**PROBLEM DETAILS**
Exactly retype the lines from the top of the data through the line containing "Two things broke", leaving out every picture.

**DATA SHOWN**

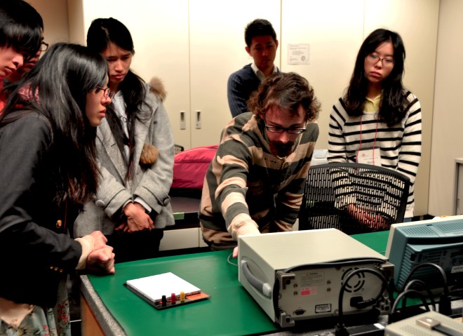 OISTエネルギー材料と表面科学ユニットのアンドリュー・ジャスティン・ウィンチェスターさんからアナログ回路のつくり方を学ぶサイエンスチャレンジの参加者たち
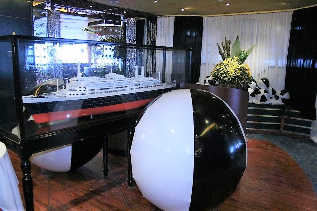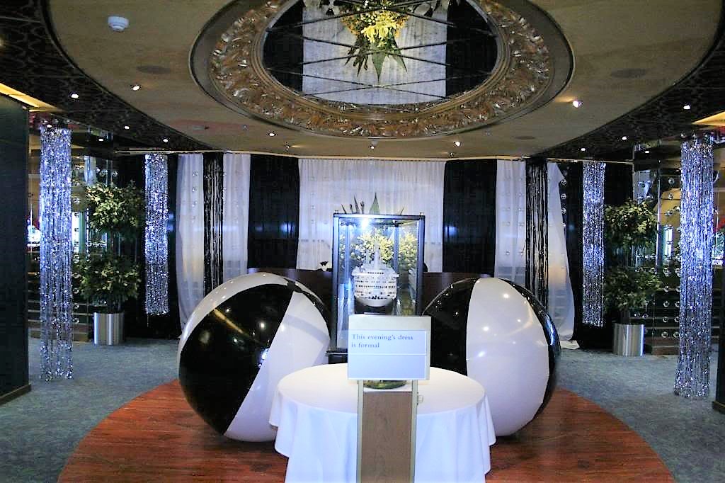 Two things broke up the long sea days. The first was the second formal night of the cruise, and the first themed-night: The Black and White Ball. We learned to like formal nights. Often there was a color theme or costume theme (you were under no obligation to take part) and every formal night we returned to our cabin to find a gift on our beds. We had previously received leather-bound journals stamped with the map of the world, and this night we were each given a multi-time-zone clock
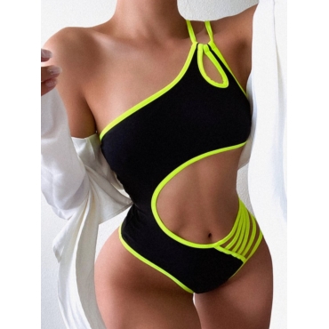 Lovely Chic One Shoulder Bandage Hollow-out Design Black One-piece Swimsuit

**RESULT OF THE EXERCISE**
 OISTエネルギー材料と表面科学ユニットのアンドリュー・ジャスティン・ウィンチェスターさんからアナログ回路のつくり方を学ぶサイエンスチャレンジの参加者たち
 Two things broke up the long sea days. The first was the second formal night of the cruise, and the first themed-night: The Black and White Ball. We learned to like formal nights. Often there was a color theme or costume theme (you were under no obligation to take part) and every formal night we returned to our cabin to find a gift on our beds. We had previously received leather-bound journals stamped with the map of the world, and this night we were each given a multi-time-zone clock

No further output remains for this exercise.